* [WHAT TO WORK ON]:
Restate, word for word and with no pictures, the stretch of lines in the data below that begins at the line with "FILE - Lorne" and ends at the line with "Este Cmap, tiene", inclusive.

* [DATA FOR REVIEW]:
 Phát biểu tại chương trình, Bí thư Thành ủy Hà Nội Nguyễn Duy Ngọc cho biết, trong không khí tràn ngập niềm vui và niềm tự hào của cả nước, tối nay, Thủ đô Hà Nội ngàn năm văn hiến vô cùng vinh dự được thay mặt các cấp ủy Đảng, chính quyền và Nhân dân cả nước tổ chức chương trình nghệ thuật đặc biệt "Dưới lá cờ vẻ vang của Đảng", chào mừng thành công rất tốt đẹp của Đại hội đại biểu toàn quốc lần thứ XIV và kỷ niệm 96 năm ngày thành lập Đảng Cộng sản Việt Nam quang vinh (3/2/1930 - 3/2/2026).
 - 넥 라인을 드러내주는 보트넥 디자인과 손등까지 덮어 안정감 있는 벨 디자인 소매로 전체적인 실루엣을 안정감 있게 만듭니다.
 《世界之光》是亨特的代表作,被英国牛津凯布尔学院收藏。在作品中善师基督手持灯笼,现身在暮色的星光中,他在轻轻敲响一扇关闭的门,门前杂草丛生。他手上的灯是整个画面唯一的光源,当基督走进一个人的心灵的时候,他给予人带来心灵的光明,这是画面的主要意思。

* * *

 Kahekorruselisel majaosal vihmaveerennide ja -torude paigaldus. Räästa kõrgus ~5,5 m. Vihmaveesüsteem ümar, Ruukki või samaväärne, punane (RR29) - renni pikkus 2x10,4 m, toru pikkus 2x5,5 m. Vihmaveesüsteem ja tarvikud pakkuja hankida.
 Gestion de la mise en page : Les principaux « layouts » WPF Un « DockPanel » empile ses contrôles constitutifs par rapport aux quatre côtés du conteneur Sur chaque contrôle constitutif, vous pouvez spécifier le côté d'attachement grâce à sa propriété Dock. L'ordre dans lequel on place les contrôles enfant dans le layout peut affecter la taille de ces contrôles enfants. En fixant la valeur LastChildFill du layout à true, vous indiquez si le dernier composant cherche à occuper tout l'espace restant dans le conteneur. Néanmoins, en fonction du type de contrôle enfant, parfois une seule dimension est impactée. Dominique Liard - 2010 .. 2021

---

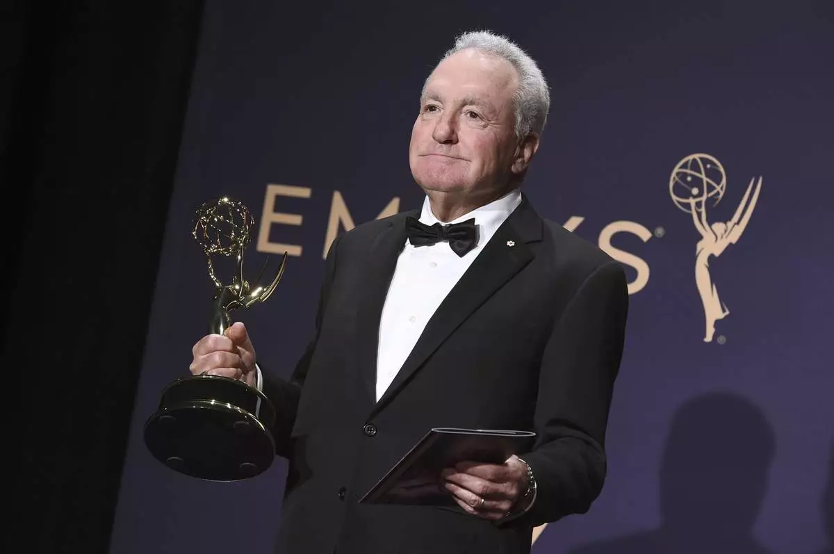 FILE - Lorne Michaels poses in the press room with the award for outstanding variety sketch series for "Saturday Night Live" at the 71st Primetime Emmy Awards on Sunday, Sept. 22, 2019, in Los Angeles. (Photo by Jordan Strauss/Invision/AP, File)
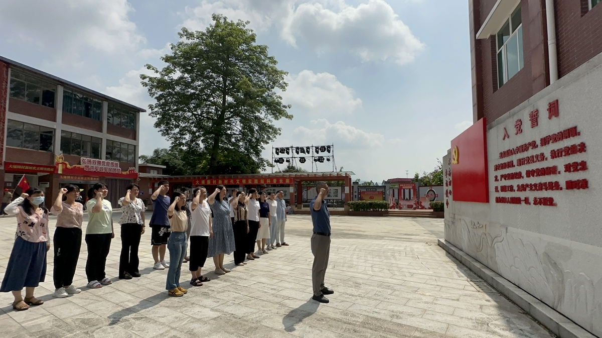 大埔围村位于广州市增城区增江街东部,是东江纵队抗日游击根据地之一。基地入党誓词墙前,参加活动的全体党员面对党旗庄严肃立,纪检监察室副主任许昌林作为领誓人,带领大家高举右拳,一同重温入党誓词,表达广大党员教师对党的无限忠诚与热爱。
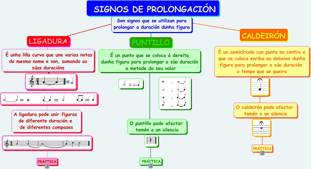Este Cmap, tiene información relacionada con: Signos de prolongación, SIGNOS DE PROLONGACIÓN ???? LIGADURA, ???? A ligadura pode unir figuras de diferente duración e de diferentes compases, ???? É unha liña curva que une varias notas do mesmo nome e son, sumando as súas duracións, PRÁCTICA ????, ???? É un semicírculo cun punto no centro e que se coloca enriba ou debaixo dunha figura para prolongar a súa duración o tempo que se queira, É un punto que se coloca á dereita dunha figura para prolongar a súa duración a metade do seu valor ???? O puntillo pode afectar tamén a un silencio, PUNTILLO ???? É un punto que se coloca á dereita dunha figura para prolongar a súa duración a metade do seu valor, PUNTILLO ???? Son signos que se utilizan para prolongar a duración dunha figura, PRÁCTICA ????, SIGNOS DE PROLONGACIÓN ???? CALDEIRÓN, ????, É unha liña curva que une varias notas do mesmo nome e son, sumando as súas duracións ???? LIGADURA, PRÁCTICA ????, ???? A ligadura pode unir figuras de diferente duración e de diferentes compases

* [RESPONSE BELOW]:
 FILE - Lorne Michaels poses in the press room with the award for outstanding variety sketch series for "Saturday Night Live" at the 71st Primetime Emmy Awards on Sunday, Sept. 22, 2019, in Los Angeles. (Photo by Jordan Strauss/Invision/AP, File)
 大埔围村位于广州市增城区增江街东部,是东江纵队抗日游击根据地之一。基地入党誓词墙前,参加活动的全体党员面对党旗庄严肃立,纪检监察室副主任许昌林作为领誓人,带领大家高举右拳,一同重温入党誓词,表达广大党员教师对党的无限忠诚与热爱。
Este Cmap, tiene información relacionada con: Signos de prolongación, SIGNOS DE PROLONGACIÓN ???? LIGADURA, ???? A ligadura pode unir figuras de diferente duración e de diferentes compases, ???? É unha liña curva que une varias notas do mesmo nome e son, sumando as súas duracións, PRÁCTICA ????, ???? É un semicírculo cun punto no centro e que se coloca enriba ou debaixo dunha figura para prolongar a súa duración o tempo que se queira, É un punto que se coloca á dereita dunha figura para prolongar a súa duración a metade do seu valor ???? O puntillo pode afectar tamén a un silencio, PUNTILLO ???? É un punto que se coloca á dereita dunha figura para prolongar a súa duración a metade do seu valor, PUNTILLO ???? Son signos que se utilizan para prolongar a duración dunha figura, PRÁCTICA ????, SIGNOS DE PROLONGACIÓN ???? CALDEIRÓN, ????, É unha liña curva que une varias notas do mesmo nome e son, sumando as súas duracións ???? LIGADURA, PRÁCTICA ????, ???? A ligadura pode unir figuras de diferente duración e de diferentes compases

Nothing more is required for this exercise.